The best way to know you are having an adventure is when you wish you were home talking about it." — a mechanic on the Alaska State Ferry System. Or as in my own case planning how I will be writing it on this blog.

"You can't promote principled anti-corruption without pissing off corrupt people." — George Kent

"If only the British had held on to the airports, the whole thing might have gone differently for us." — Mick Jagger

"You can do anything as long as you don't scare the horses." — a mother's favorite saying recalled by a friend

A poem is an egg with a horse inside” — anonymous fourth grader

“My children will likely turn my picture to the wall but what the hell, you only get old once." — Joe May

“Always do sober what you said you'd do drunk. That will teach you to keep your mouth shut.” — Ernest Hemingway

When I write, I feel like an armless, legless man with a crayon in his mouth. Kurt Vonnegut

“If you wrote something for which someone sent you a cheque, if you cashed the cheque and it didn't bounce, and if you then paid the light bill with the money, I consider you talented.”Stephen King

The thing about ignorance is, you don't have to remain ignorant. — me again"
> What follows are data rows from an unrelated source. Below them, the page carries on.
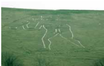
Cerne Abbas Giant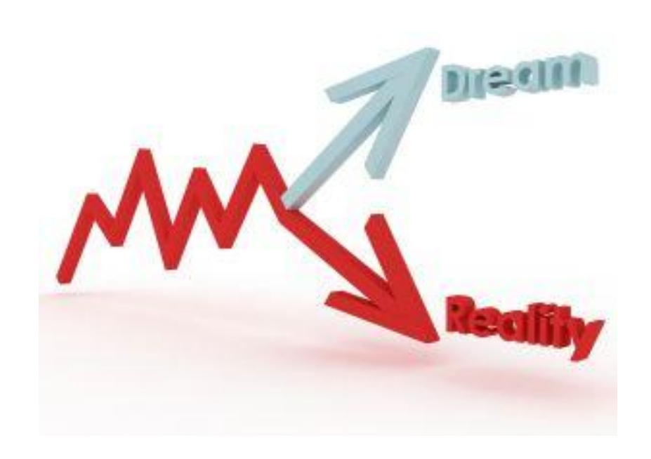
Entrepreneur And Employees

Starting a home based business has become a very popular way of earning a comfortable income without the hassle of being in the regular rat race that so many people have no choice but to be in. however in making the choice to commit to a home based business the individual should be aware of the various element and requirements it entails in order to keep it a success rather than a burden. Get all the info you need here.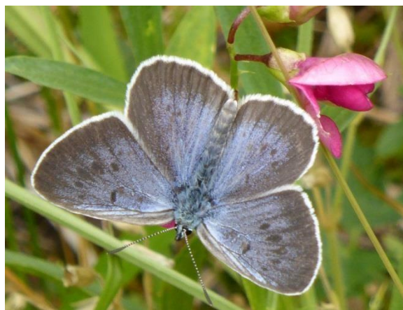
Provence Chalk-hill Blue Polyommatus hispana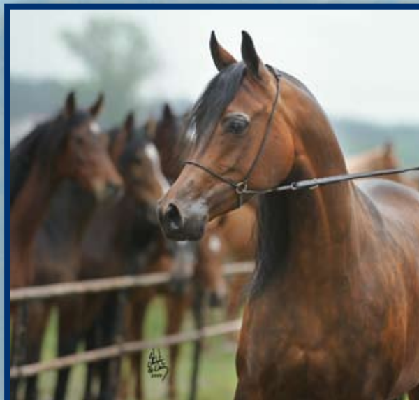
Gazal Al Shaqab x Fantazja/Wachlarz - Michałów Stud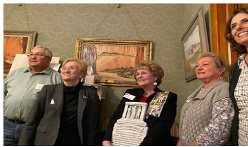
JAN. 24, 2022 DAR Donation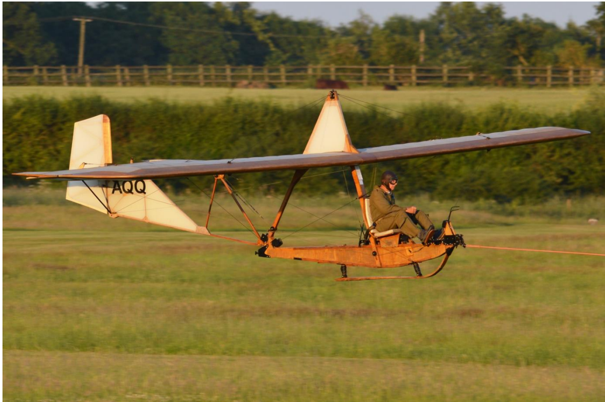
The Eon Primary SG.38 Glider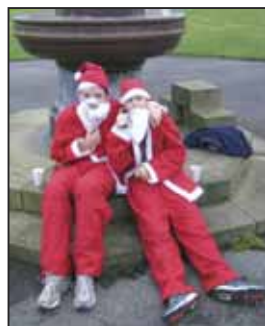
Two scout 'Santas' rest by the drinking fountain after the run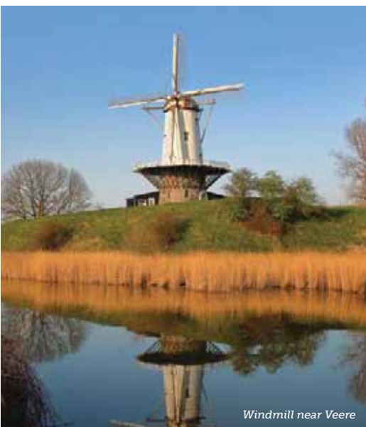
Windmill near Veere

• West Frisian Bicycle Tour. Ride through the breathtaking countryside near Enkhuizen, and pedal past little villages, churches and the pastoral dikes of the IJssel, the largest man-made lake in the Netherlands. (Active)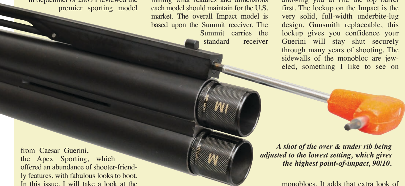
A shot of the over & under rib being adjusted to the lowest setting, which gives the highest point-of-impact, 90/10.

Within the body of the safety lies the barrel selector. Move the center bar to the left, and one red dot is exposed, meaning you will fire the bottom barrel first. Move it to the right, and two red dots are exposed, allowing you to fire the top barrel first. The lockup on the Impact is the very solid, full-width underbite-lug design. Gunsmith replaceable, this lockup gives you confidence your Guerini will stay shut securely through many years of shooting. The sidewalls of the monobloc are jeweled, something I like to see on

"It was like the aftermath of an orgasm with the wrong partner." – David Lagercrants “The Girl in the Spider’s Web.”

Why worry about dying, you aren't going to live to regret it.

Never debate with someone who gets ink by the barrel" — George Hayes, former Alaska Attorney General who died recently

My dear Mr. Frost: two roads never diverge in a yellow wood. Three roads meet there. — @Shakespeare on Twitter

Normal is how somebody else thinks you should act.

"The mark of a great shiphandler is never getting into situations that require great shiphandling," Adm. Ernest King, USN

Me: Does the restaurant have cute waitresses?

My friend Gail: All waitresses are cute when you're hungry.

I'm not a writer, but sometimes I push around words to see what happens. – Scott Berry

I realized today how many of my stories start out "years ago." What's next? Once upon a time?"

“The rivers of Alaska are strewn with the bones of men who made but one mistake” - Fred McGarry, a Nushagak Trapper

Many people hear voices when no one is there. Some of them are called mad and are shut up in rooms where they stared at walls all day. Others are called writers and they do pretty much the same thing. – Meg Chittenden

A non-writing writer is a monster courting insanity. – Franz Kafka

We are all immortal until the one day we are not. – me again

If the muse is late, start without her – Peter S. Beagle

Substitute ‘damn’ every time you’re inclined to write ‘very;’ your editor will delete it and the writing will be just as it should be. ~Mark Twain Actually you could do the same thing with the word "really" as in "really cold."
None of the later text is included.